_Try it_
The copy you return should hold only the lines from the top of the data below through the line with "olarak ele alınacak.", each duplicated exactly and with no pictures.

_Information shown_
_ _ _

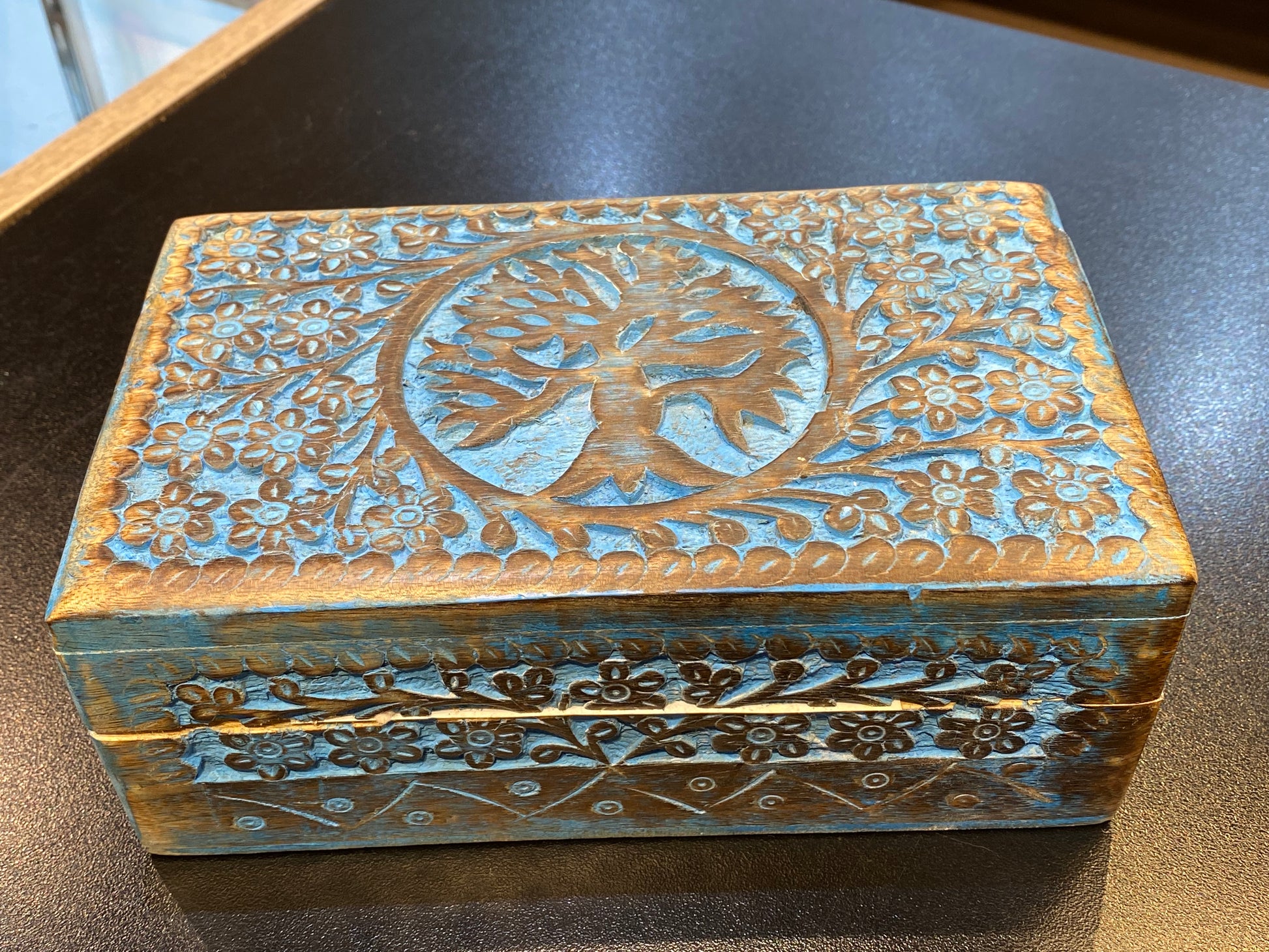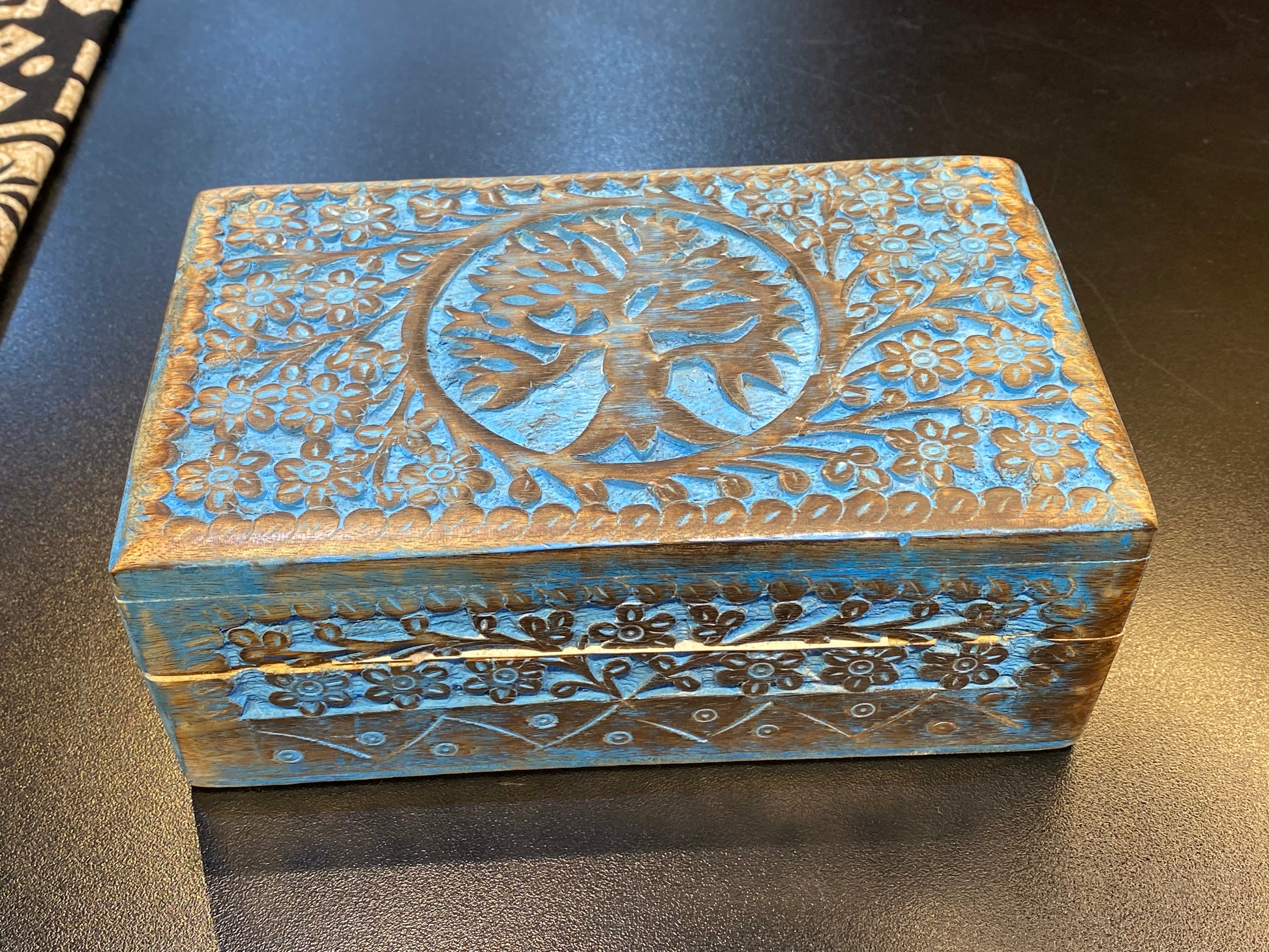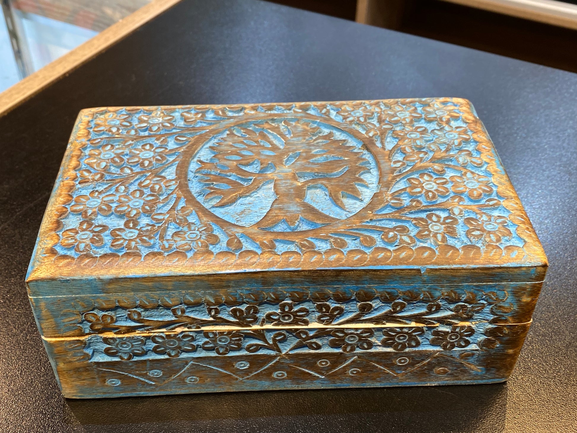 Wooden Handicraft Storage Box 5" x 8" Tree of Life Colored Turquoise
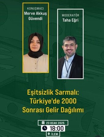 * İLEM’de (İlmi Etüdler Derneği), Taha Eğri moderatörlüğünde ve Merve Akkuş Güvendi’nin sunumuyla gerçekleşecek etkinlikte, “Eşitsizlik Sarmalı: Türkiye’de 2000 Yılı Sonrası Gelir Dağılımı” başlığıyla Türkiye’de 2000 yılı sonrası gelir dağılımı, toplumsal yapıyla ilişkili olarak ele alınacak.
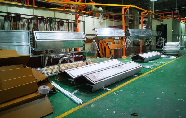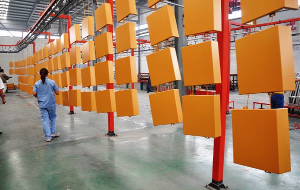 德國(guó)進(jìn)口的全長(zhǎng)250米的全自動(dòng)噴涂生產(chǎn)線,以及木紋轉(zhuǎn)印車(chē)間。
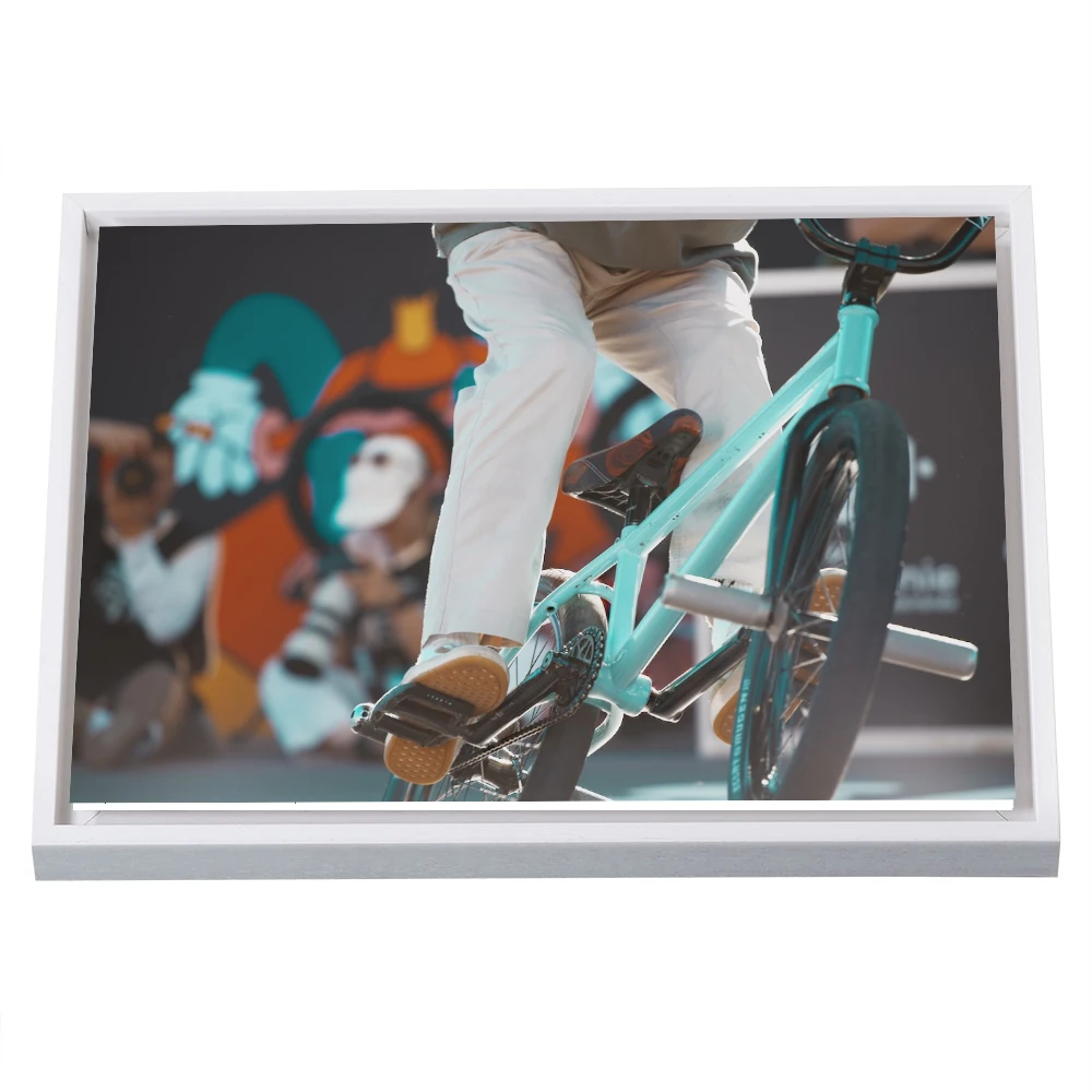 Une décoration murale haut de gamme qui transmet l’énergie et la grâce du BMX flatland, idéale pour enrichir un intérieur raffiné ou un espace d’exposition.

_ _ _

_Written answer_
 Wooden Handicraft Storage Box 5" x 8" Tree of Life Colored Turquoise
 * İLEM’de (İlmi Etüdler Derneği), Taha Eğri moderatörlüğünde ve Merve Akkuş Güvendi’nin sunumuyla gerçekleşecek etkinlikte, “Eşitsizlik Sarmalı: Türkiye’de 2000 Yılı Sonrası Gelir Dağılımı” başlığıyla Türkiye’de 2000 yılı sonrası gelir dağılımı, toplumsal yapıyla ilişkili olarak ele alınacak.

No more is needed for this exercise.